A lacuna que a morte de Elza Soares, ocorrida nesta quinta-feira (20) deixa na música brasileira jamais será preenchida. Numa época onde quem não sabe cantar faz sucesso; onde quem paga mais aparece mais; onde os acompanhamentos musicais são produzidos pelo computador e o pior de tudo: num momento onde a maioria está satisfeita com a baixa qualidade (independente de estilo, modismo e o que for), Elza Soares é um modelo de artista e cantora completa, de qualidade, de atitude e de tantos outros adjetivos que aqui não caberiam. Fica o legado e uma ainda obra inédita a ser lançada. (Sérgio Monteiro – jornalista e Editor do jornal Tribuna sul de Minas) 

Leia abaixo 4 textos divulgados hoje em jornais pelo país e em redes sociais que definem quem é Elza Soares.

Tive uma única experiência musical com Elza Soares. O SESC Pompéia me convidou para ser o diretor musical de um show chamado Religare, não me lembro exatamente o ano. O show deveria ter o tema da ligação do homem com o divino através das religiões. Eu deveria escolher o repertório e os intérpretes. A única exigência que me fizeram é que Elza estivesse entre os intérpretes.
E assim foi. Escolhi cantores e cantoras, que foram Chico Cesar, Mariene Castro, Luciana Alves, eu mesmo, e a própria divindade Elza. Escolhi músicas que abordassem essa questão do divino, as quais o nosso cancioneiro é repleto, e as distribuí entre os cantores. Escolhi os músicos e escrevi os arranjos, e chegou a hora dos ensaios. Elza ficou para ensaiar no último dia. A ela coube Se Eu Quiser Falar Com Deus, uma das músicas mais lindas e profundas da existência, de Gilberto Gil.
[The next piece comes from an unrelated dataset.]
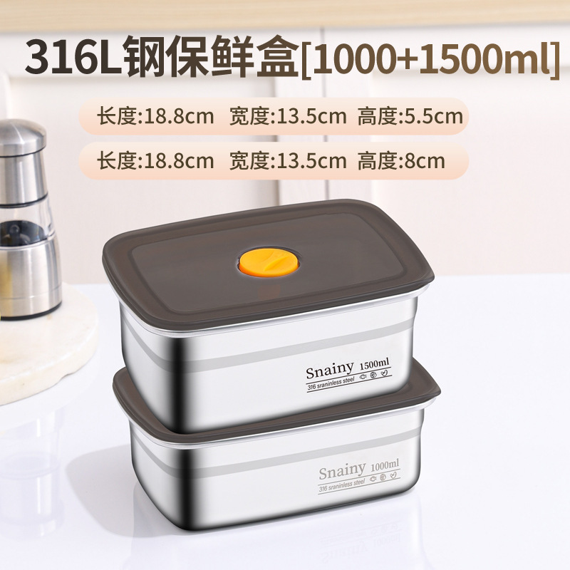 • 밀봉된 사각박스 1000+1500ml [316L 스틸]

Caprichei na caneta, mas com parcimônia, porque tudo o que eu queria era uma moldura bem discreta para aquela voz penetrante.
Na hora do seu ensaio, Elza me ligou e me disse que não iria ensaiar, não era necessário, e que ensaiássemos na passagem de som, pouco antes do show. Fiquei verde por não respirar por vários minutos e não dormi na noite.
Na passagem de som, finalmente passamos a música. Ela, com enorme carinho, me disse: “seu arranjo está maravilhoso, mas que tal se tirássemos a flauta?” Não me opus, claro. Ensaiamos de novo sem a flauta. E ela: “Olha, talvez ficasse melhor sem o baixo e a percussão. Vamos deixar só com o piano e o violão?”. Concordei mais uma vez.
E assim seguiu. Antes de começar o espetáculo ela me chamou no camarim: “olha, acho que me sentiria mais confortável se eu fizesse só com o violão”. E eu, já entregue, longe estava de discordar.
Começou o espetáculo, tudo lindo. Chegado o momento da entrada de Elza no palco, todos os músicos saem, inclusive o violonista depois de lhe dar o tom. Ela fica sozinha e sem microfone ataca à capela Se Eu Quiser Falar Com Deus, só soando aquela voz que o Próprio lhe deu, cantando no seu tempo, na sua respiração, com silêncios entre as frases em que era possível se meditar sobre o sentido e a beleza de cada uma delas e se ouvir os corações pulsando, convivendo com a sensação de que o tempo não havia.
Em um momento da música, ela se senta e sai da luz. Termina a música, põe as mãos na cabeça e chora! Se tem algo que eu duvido nessa vida é se houve alguém ali presente que não tenha chorado junto, ou ao menos não tenha tido vontade de chorar. Eu chorei rios, porque vi ali uma mulher real conversando com Deus, aceitando a dor, comendo o pão que o diabo amassou, subindo aos céus sem cordas pra segurar.
Quem melhor que ela cantaria esses versos? Ali estava a cena completa, sozinha com Deus aquela mesma mulher que há décadas atrás havia dito em seu primeiro palco a Ari Barroso: eu venho do planeta fome!
Essa era a mulher que eu via ali com a alma despida: a mulher do fim do mundo! Já vi muita coisa linda nesses anos de palco, mas com certeza foi essa a mais bonita. Nunca mais eu a vi e hoje ela se foi. Viveu uma vida sofrida e maravilhosa, é uma das nossas maiores! Só há a agradecer. Vai em paz e obrigado pela lição sobre os silêncios, por me permitir o arranjo mais lindo que eu já fiz, ou melhor, que eu não fiz na vida!! (Sérgio Santos – maestro, músico, produtor musical) 

Texto para Elza
por Chico Buarque de Holanda

“Se acaso você chegasse a um bairro residencial de Roma e desse com uma pelada de meninos brasileiros no meio da rua, não teria dúvida: ali morava Elza Soares com Garrincha, mais uma penca de filhos e afilhados trazidos do Rio em 1969. Aplaudida de pé no Teatro Sistina, dias mais tarde Elza alugou um apartamento na cidade e foi ficando, ficando e ficando.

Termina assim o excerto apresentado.